According to the scheme provided by the application, when no person is in a VoIP network call noise environment, based on the VADNN algorithm, noise reduction and optimization processing are carried out on the background voice to be mute, so that the influence of the background noise on the call quality in the VoIP network call process is solved, the call quality is improved, and the user experience is promoted and optimized.

Those of skill would further appreciate that the various illustrative components and algorithm steps described in connection with the embodiments disclosed herein may be implemented as electronic hardware, computer software, or combinations of both, and that the various illustrative components and steps have been described above generally in terms of their functionality in order to clearly illustrate this interchangeability of hardware and software. Whether such functionality is implemented as hardware or software depends upon the particular application and design constraints imposed on the implementation. Skilled artisans may implement the described functionality in varying ways for each particular application, but such implementation decisions should not be interpreted as causing a departure from the scope of the present invention.

The steps of a method or algorithm described in connection with the embodiments disclosed herein may be embodied in hardware, a software module executed by a processor, or a combination of the two. A software module may reside in Random Access Memory (RAM), memory, Read Only Memory (ROM), electrically programmable ROM, electrically erasable programmable ROM, registers, hard disk, a removable disk, a CD-ROM, or any other form of storage medium known in the art.

The above embodiments are provided to further explain the objects, technical solutions and advantages of the present invention in detail, it should be understood that the above embodiments are merely exemplary embodiments of the present invention and are not intended to limit the scope of the present invention, and any modifications, equivalents, improvements and the like made within the spirit and principle of the present invention should be included in the scope of the present invention.

Claims

1. A method for reducing noise in VoIP call is characterized in that based on VADNN algorithm, the voice of non-human voice section in opposite end voice flow in received VoIP call is replaced by mute data, and then audio output is sent for playing.

2. The method according to claim 1, wherein the step of replacing the non-human voice segment in the opposite end voice stream in the received VoIP call with mute data based on the VADNN algorithm, and then sending an audio output for playing comprises the following steps:

acquiring an opposite-end voice flow in a VoIP call;

replacing the voice of the non-human voice section with mute data;

and playing the processed voice stream.

3. The method according to claim 1, wherein the replacing the voice stream of the non-human voice segment with silence data is specifically:

4. A device for reducing noise in VoIP conversation is characterized by comprising a VADNN module and a voice playing module;

and the voice playing module is used for playing the processed voice stream.

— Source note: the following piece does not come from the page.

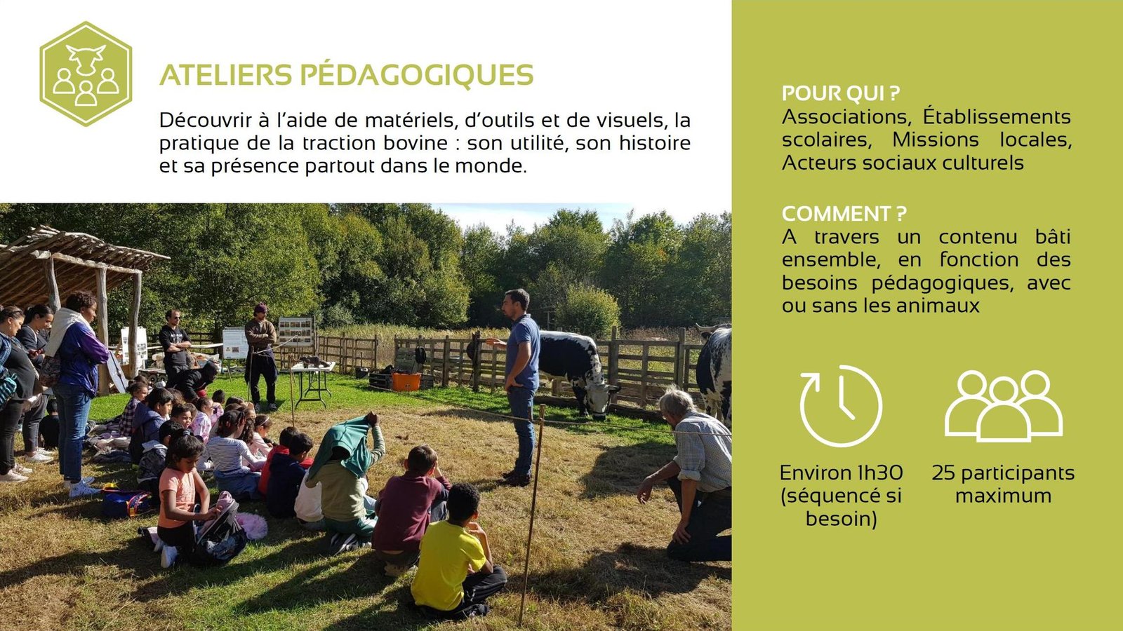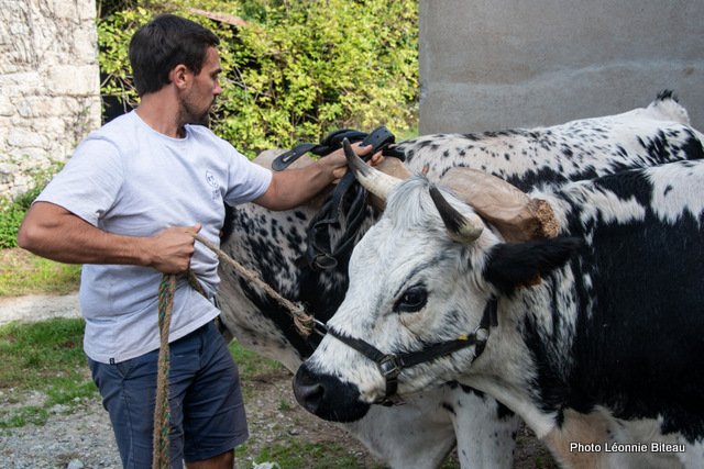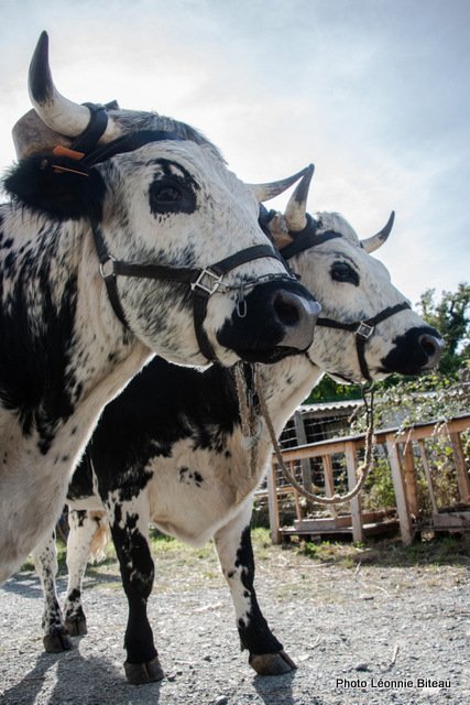 La spécialité d’Anne est l’observation du comportement et la manipulation respectueuse des bovins de trait et elle a déjà dressé de nombreux animaux. Ce week-end, elle nous a montré comment initier de manière ludique des veaux à leurs futures tâches. Pour l’entraînement, elle utilise consciemment les besoins et les élans naturels des animaux, comme le besoin de jouer après avoir bu du lait maternel : tout éleveur de bovins connaît le « sautillement » des très jeunes veaux, juste après avoir bu au pis de leur mère ou du seau contenant son lait. Anne utilise cette explosion d’énergie naturelle pour courir avec les veaux, sauter par-dessus des obstacles ou monter des escaliers.

5. The apparatus of claim 4, wherein the VADNN module comprises an acquisition unit, a processing unit, and an silence-without-human unit, wherein

6. The apparatus of claim 5, wherein the silence unit has a function of muting the speech portion of the non-human speech segment by directly applying the data to the data table 0.

7. A system for noise reduction in a VoIP conversation, the system comprising at least one processor and a memory;

the memory to store one or more program instructions;

the processor, configured to execute one or more program instructions to perform the method according to one or more of claims 1 to 3.

8. A chip, characterized in that it is coupled to a memory in a system such that it, when run, invokes program instructions stored in said memory, implementing the method according to one or more of claims 1 to 3.

9. A computer-readable storage medium, characterized in that the computer-readable storage medium comprises one or more program instructions that are executable by the system of claim 7 to implement the method of one or more of claims 1 to 3.